» Problem
Within the records below is a range that opens at the line with "View from George’s" and closes at the line with "Рис. 3. Основные". Return that range word for word, both ends included, and only that range.

Extracted records
####################

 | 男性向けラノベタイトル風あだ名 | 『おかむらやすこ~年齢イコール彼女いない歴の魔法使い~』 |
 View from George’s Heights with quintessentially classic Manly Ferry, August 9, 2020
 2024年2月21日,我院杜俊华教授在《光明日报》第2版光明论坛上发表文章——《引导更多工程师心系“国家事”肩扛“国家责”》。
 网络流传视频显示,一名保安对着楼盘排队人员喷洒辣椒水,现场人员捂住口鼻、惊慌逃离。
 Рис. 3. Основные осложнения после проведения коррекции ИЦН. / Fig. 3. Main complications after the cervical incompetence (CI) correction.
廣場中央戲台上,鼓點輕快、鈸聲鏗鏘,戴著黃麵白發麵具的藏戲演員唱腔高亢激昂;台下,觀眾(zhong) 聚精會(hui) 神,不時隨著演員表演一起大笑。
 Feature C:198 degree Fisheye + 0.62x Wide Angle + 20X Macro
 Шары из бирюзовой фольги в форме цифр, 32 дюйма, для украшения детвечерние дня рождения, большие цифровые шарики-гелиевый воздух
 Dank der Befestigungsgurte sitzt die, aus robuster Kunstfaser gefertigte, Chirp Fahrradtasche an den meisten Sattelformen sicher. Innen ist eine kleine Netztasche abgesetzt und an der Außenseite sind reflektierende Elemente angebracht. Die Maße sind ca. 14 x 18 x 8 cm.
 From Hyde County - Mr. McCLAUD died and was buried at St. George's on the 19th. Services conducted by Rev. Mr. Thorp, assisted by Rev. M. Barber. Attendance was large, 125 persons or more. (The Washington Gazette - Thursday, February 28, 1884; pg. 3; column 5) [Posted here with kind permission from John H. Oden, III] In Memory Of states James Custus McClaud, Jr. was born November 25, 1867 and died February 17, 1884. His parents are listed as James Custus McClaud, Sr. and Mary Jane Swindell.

####################

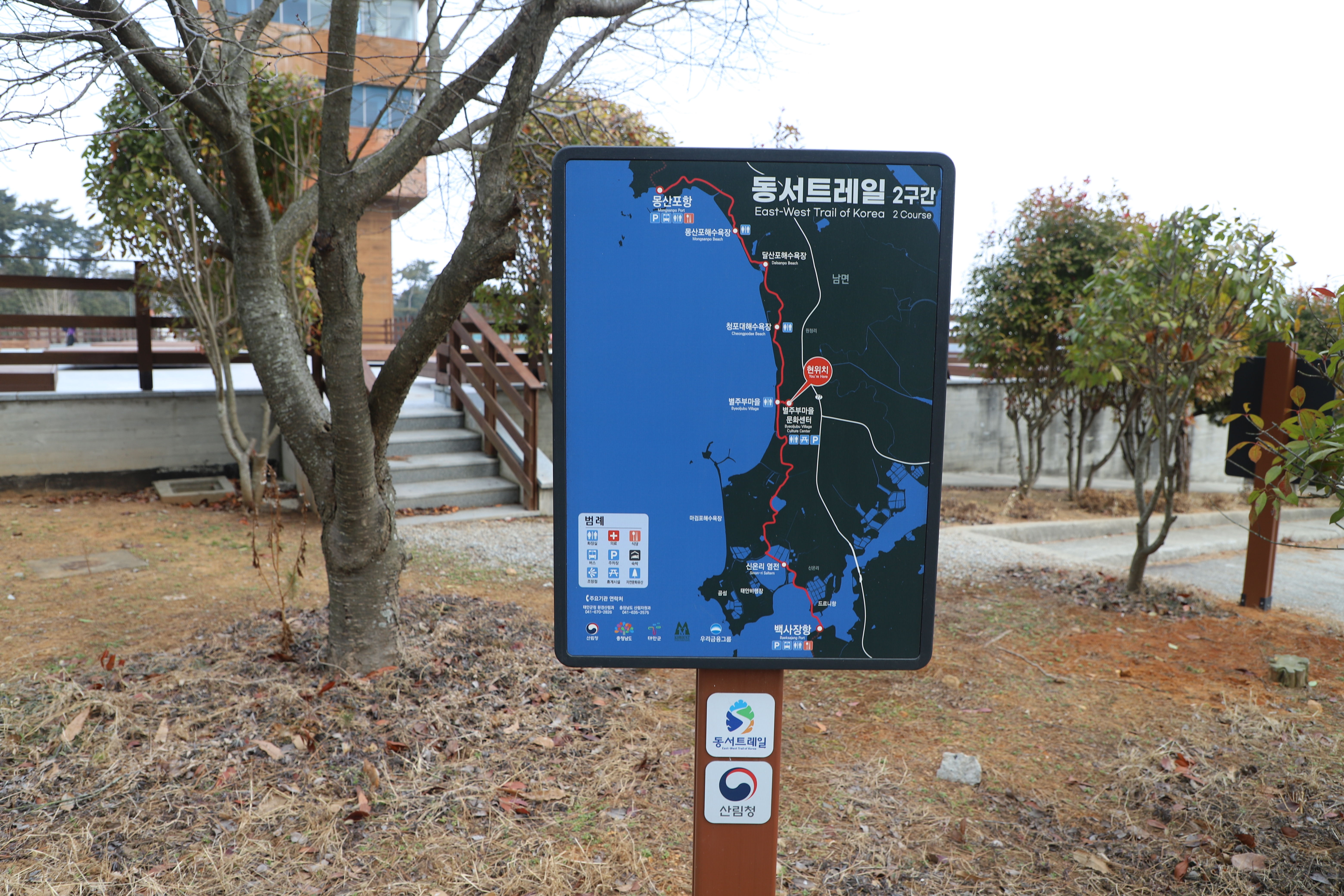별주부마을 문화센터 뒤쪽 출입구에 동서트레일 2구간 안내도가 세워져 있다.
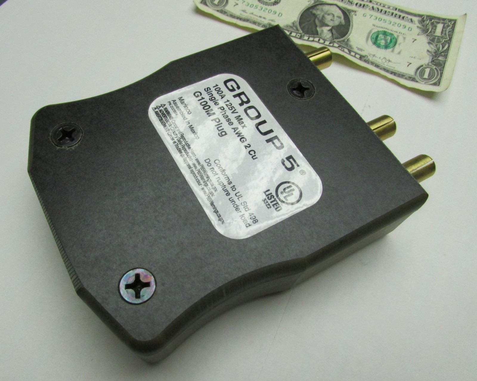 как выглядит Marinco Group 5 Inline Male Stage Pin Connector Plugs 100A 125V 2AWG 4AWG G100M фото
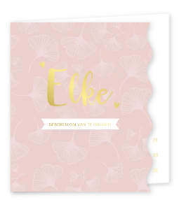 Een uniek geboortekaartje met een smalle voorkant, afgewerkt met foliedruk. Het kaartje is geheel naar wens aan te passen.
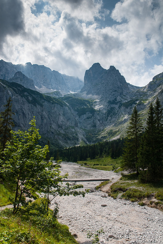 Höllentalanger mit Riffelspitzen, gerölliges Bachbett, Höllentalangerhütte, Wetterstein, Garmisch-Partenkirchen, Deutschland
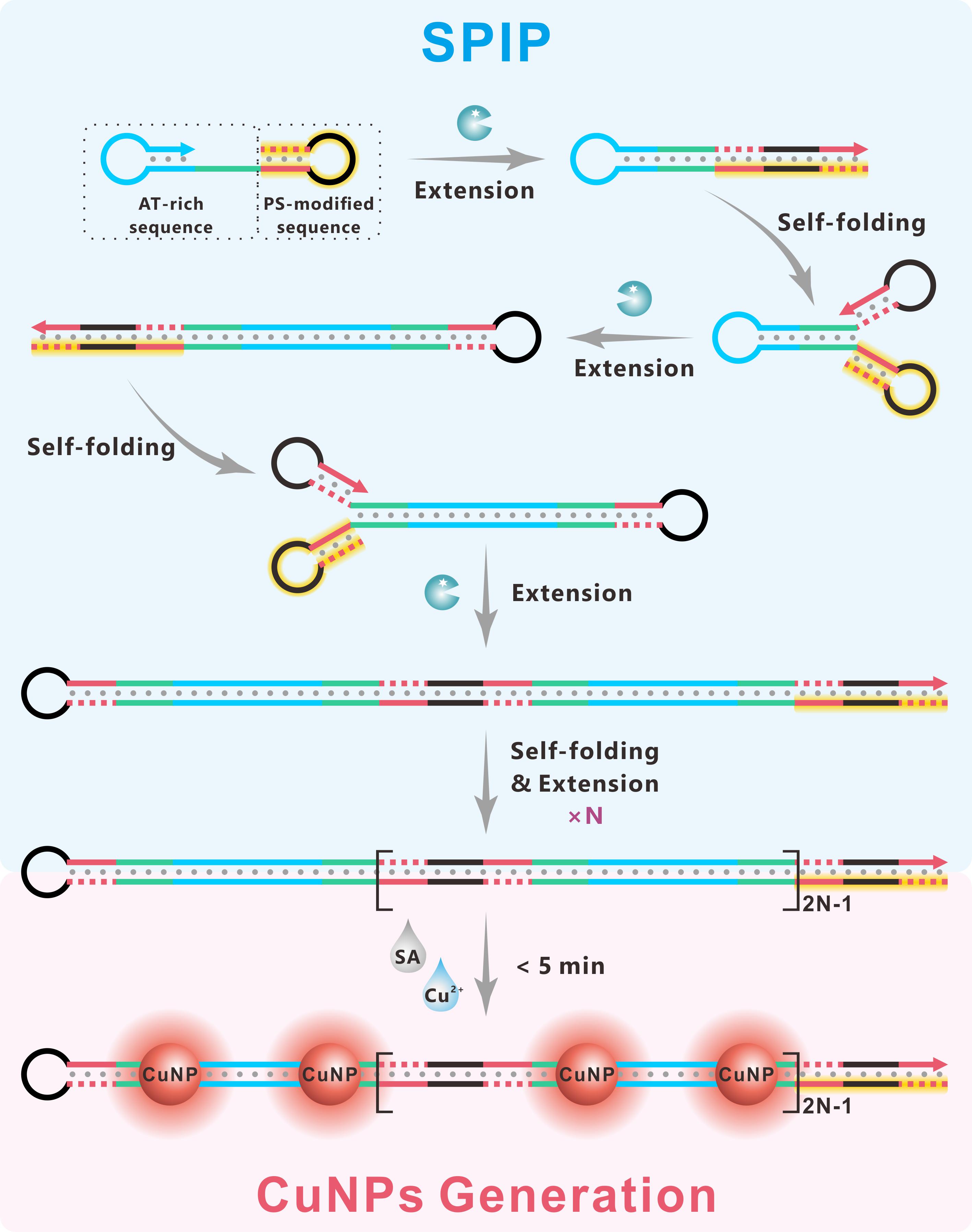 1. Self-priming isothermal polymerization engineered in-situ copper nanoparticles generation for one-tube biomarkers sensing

####################

» Written reply
 View from George’s Heights with quintessentially classic Manly Ferry, August 9, 2020
 2024年2月21日,我院杜俊华教授在《光明日报》第2版光明论坛上发表文章——《引导更多工程师心系“国家事”肩扛“国家责”》。
 网络流传视频显示,一名保安对着楼盘排队人员喷洒辣椒水,现场人员捂住口鼻、惊慌逃离。
 Рис. 3. Основные осложнения после проведения коррекции ИЦН. / Fig. 3. Main complications after the cervical incompetence (CI) correction.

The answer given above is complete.